Metazoan Atg1-Atg13 complexes have also accrued additional regulatory mechanisms that have not been described in yeast, including negative feedback from Atg1 to TOR, phosphorylation of Atg13 by Atg1, and nutrient-dependent effects on the stability of these proteins. These additional layers of regulation are in keeping with the elaboration of intracellular signaling pathways in metazoans. The observation that Atg13 phosphorylation is both TOR- and Atg1-dependent under fed conditions suggests a model whereby phosphorylation by one of these kinases may serve as a priming event for the other. In addition, the role of Atg1-dependent phosphorylation of Atg13 under starvation conditions remains an important question. Although the Atg1-independent localization of Atg13 to autophagosomes and its activation of Atg1 indicate that Atg13 functions upstream of Atg1, the finding that Atg13 acts as a substrate for Atg1-dependent phosphorylation raises the possibility that Atg13 may also act to transduce signals downstream of Atg1. Identification of additional Atg1 substrates and Atg13 interacting proteins may help clarify this issue.
Given its positive role in autophagy induction, the ability of Atg13 to inhibit autophagy when overexpressed was unexpected. This may in part reflect a dominant negative effect of Atg13 overexpression causing titration of Atg1 complexes or competition with other Atg1 substrates. However, the observation that Atg13 stimulates TOR-dependent phosphorylation of Atg1 and that Atg1 levels increase in Atg13
mutant cells suggests that Atg13 has both positive and negative roles in autophagy induction. These opposing activities of Atg13 are reminiscent of the mTOR complex I component Raptor, which plays an essential role in TOR signaling yet also inhibits TOR activity under starvation conditions (Kim et al., 2002
). Our results suggest that Atg13 may play an analogous role, switching between states of promoting or inhibiting autophagy, thereby sharpening the response to changes in nutrient conditions. These findings suggest that the relative ratio of Atg13 to Atg1 or to other components of the complex may play an important role in dictating its activity. In this regard, the differential regulation of Atg1 and Atg13 levels by TOR could provide an additional mechanism whereby TOR signaling can influence autophagic activity. Although the autophagy-defective phenotypes of Atg1
mutants reveals the dominant positive roles of these genes, disruption of other putative components of this complex leads to autophagy induction (unpublished data), suggesting some components may play primarily negative roles.

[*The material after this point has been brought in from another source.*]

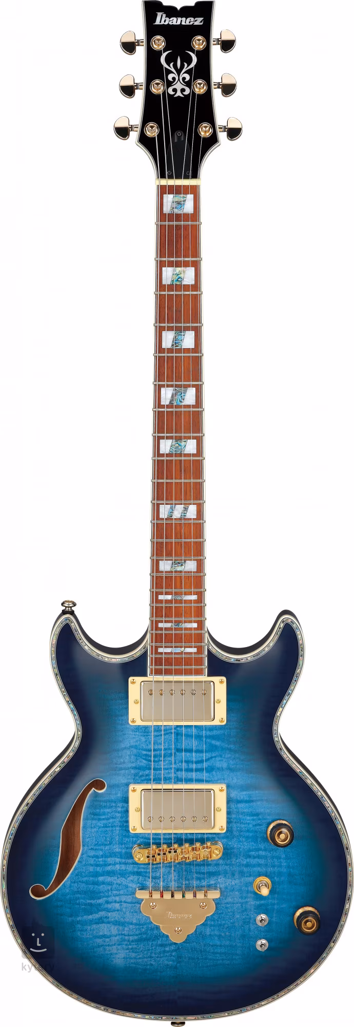 Ibanez AR520HFM-LBB to gitara elektryczna o konstrukcji semi-hollowbody z podwójnym wycięciem. Korpus instrumentu wykonany jest z wierzchu z klonu płomienistego o fantazyjnym usłojeniu, tył z drewna okoumé, a korpus z klonu komorowego. Trzyczęściowa szyjka z klonu przyklejona jest do podstrunnicy z jatoby wyposażonej w dwadzieścia dwa średniej wielkości frezy. Bloki pozycjonujące wykonane z imitacji macicy perłowej i abalonu ułatwiają orientację na powierzchni podstrunnicy.

In conclusion, our results demonstrate that Atg1-Atg13 complexes play an essential, conserved role in promoting autophagy in response to TOR inactivation, with additional regulatory functions unique to metazoans. Further insight into the regulation of this complex and identification of its targets may lead to additional means of manipulating autophagy rates for therapeutic purposes.